Task instructions =
Write the data out in full and word for word. Do not include images.

Input =
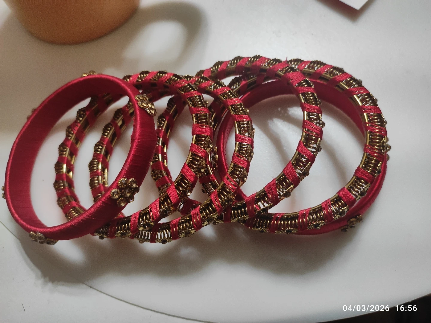 A set of vibrant red silk thread bangles, adorned with intricate gold-tone metal accents and sparkling rhinestones. These bangles are designed with a traditional feel and are sure to add a pop of colour to any outfit. They're perfect for festive occasions or cultural events.
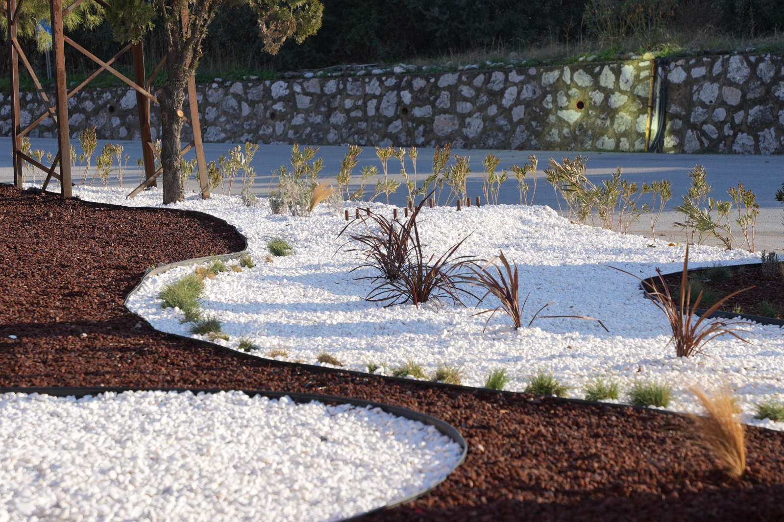 Uygulama kapsamında yüksek su tüketimi gerektiren çim alanlar yerine, kuraklığa dayanıklı bitki türleri tercih edildi. Doğal taş, dekoratif çakıl ve az bakım gerektiren peyzaj unsurlarıyla hem çevre dostu hem de estetik bir görünüm sağlandı. Bu sayede su tüketimi önemli ölçüde azaltılırken, bakım maliyetlerinin de düşürülmesi hedeflendi.
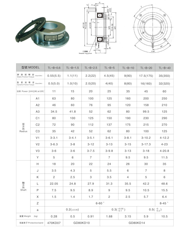 TL-B-0.6,TL-B-1.5,TL-B-2.5,TL-B-5,TL-B-10,TL-B-20,TL-B-40,DC24V電磁制動(dòng)器
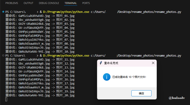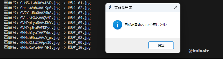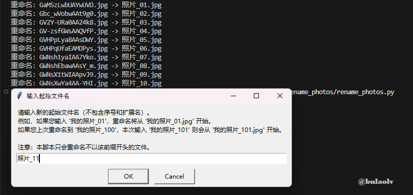 交互式命名: 脚本文件存放在照片文件夹内,双击运行后,会弹出提示框,可以自定义新的文件名起始编号和前缀(例如输入
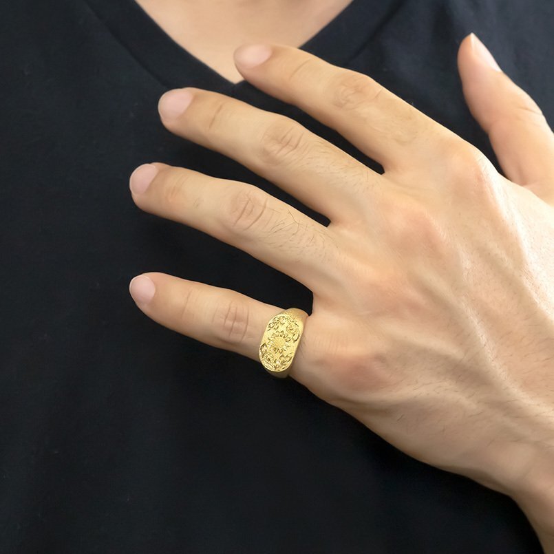 商品コード:210527101yim【配送】・発送は3週間ほどです【おすすめポイント】キラキラと輝くテクスチャと彫りの調和が美しい印台風ボリュームリングヒマワリの明るくポジティブな印象が爽やかさと個性をアピール頑張っている自分へのご褒美や、大切な人へのプレゼントにおススメ【商品詳細】・材質:イエローゴールドk10(品質を保証するk10の刻印)・大きさ:リング最大幅 約 10.5ミリ【リングサイズ】・10-16号までサービス それ以上のサイズは別途お値段がプラスされます。・0.5号刻みも対応しておりますので、ご希望の場合はご要望欄にご記載ください。誕生日 記念日 プレゼント ジュエリー リング 指輪 幅広 印台 シグネットリング ひまわり 向日葵 花 彫り ピンキーリング 地金 ブライダルリング エンゲージリング 婚約指輪 マリッジ 結婚 婚約 ウェディング プロポーズ 結婚祝い ジェンダーレス ハンドメイドジュエリー ギフト プレゼント 贈り物 フリースタイル ニッケルフリー ユニセックス LGBTQ 男女兼用 ジェンダーフルイド バディジュエリー 小さいサイズ 大きいサイズ 対応 福袋 30代 40代 50代

Task solution =
 A set of vibrant red silk thread bangles, adorned with intricate gold-tone metal accents and sparkling rhinestones. These bangles are designed with a traditional feel and are sure to add a pop of colour to any outfit. They're perfect for festive occasions or cultural events.
 Uygulama kapsamında yüksek su tüketimi gerektiren çim alanlar yerine, kuraklığa dayanıklı bitki türleri tercih edildi. Doğal taş, dekoratif çakıl ve az bakım gerektiren peyzaj unsurlarıyla hem çevre dostu hem de estetik bir görünüm sağlandı. Bu sayede su tüketimi önemli ölçüde azaltılırken, bakım maliyetlerinin de düşürülmesi hedeflendi.
 TL-B-0.6,TL-B-1.5,TL-B-2.5,TL-B-5,TL-B-10,TL-B-20,TL-B-40,DC24V電磁制動(dòng)器
 交互式命名: 脚本文件存放在照片文件夹内,双击运行后,会弹出提示框,可以自定义新的文件名起始编号和前缀(例如输入
 商品コード:210527101yim【配送】・発送は3週間ほどです【おすすめポイント】キラキラと輝くテクスチャと彫りの調和が美しい印台風ボリュームリングヒマワリの明るくポジティブな印象が爽やかさと個性をアピール頑張っている自分へのご褒美や、大切な人へのプレゼントにおススメ【商品詳細】・材質:イエローゴールドk10(品質を保証するk10の刻印)・大きさ:リング最大幅 約 10.5ミリ【リングサイズ】・10-16号までサービス それ以上のサイズは別途お値段がプラスされます。・0.5号刻みも対応しておりますので、ご希望の場合はご要望欄にご記載ください。誕生日 記念日 プレゼント ジュエリー リング 指輪 幅広 印台 シグネットリング ひまわり 向日葵 花 彫り ピンキーリング 地金 ブライダルリング エンゲージリング 婚約指輪 マリッジ 結婚 婚約 ウェディング プロポーズ 結婚祝い ジェンダーレス ハンドメイドジュエリー ギフト プレゼント 贈り物 フリースタイル ニッケルフリー ユニセックス LGBTQ 男女兼用 ジェンダーフルイド バディジュエリー 小さいサイズ 大きいサイズ 対応 福袋 30代 40代 50代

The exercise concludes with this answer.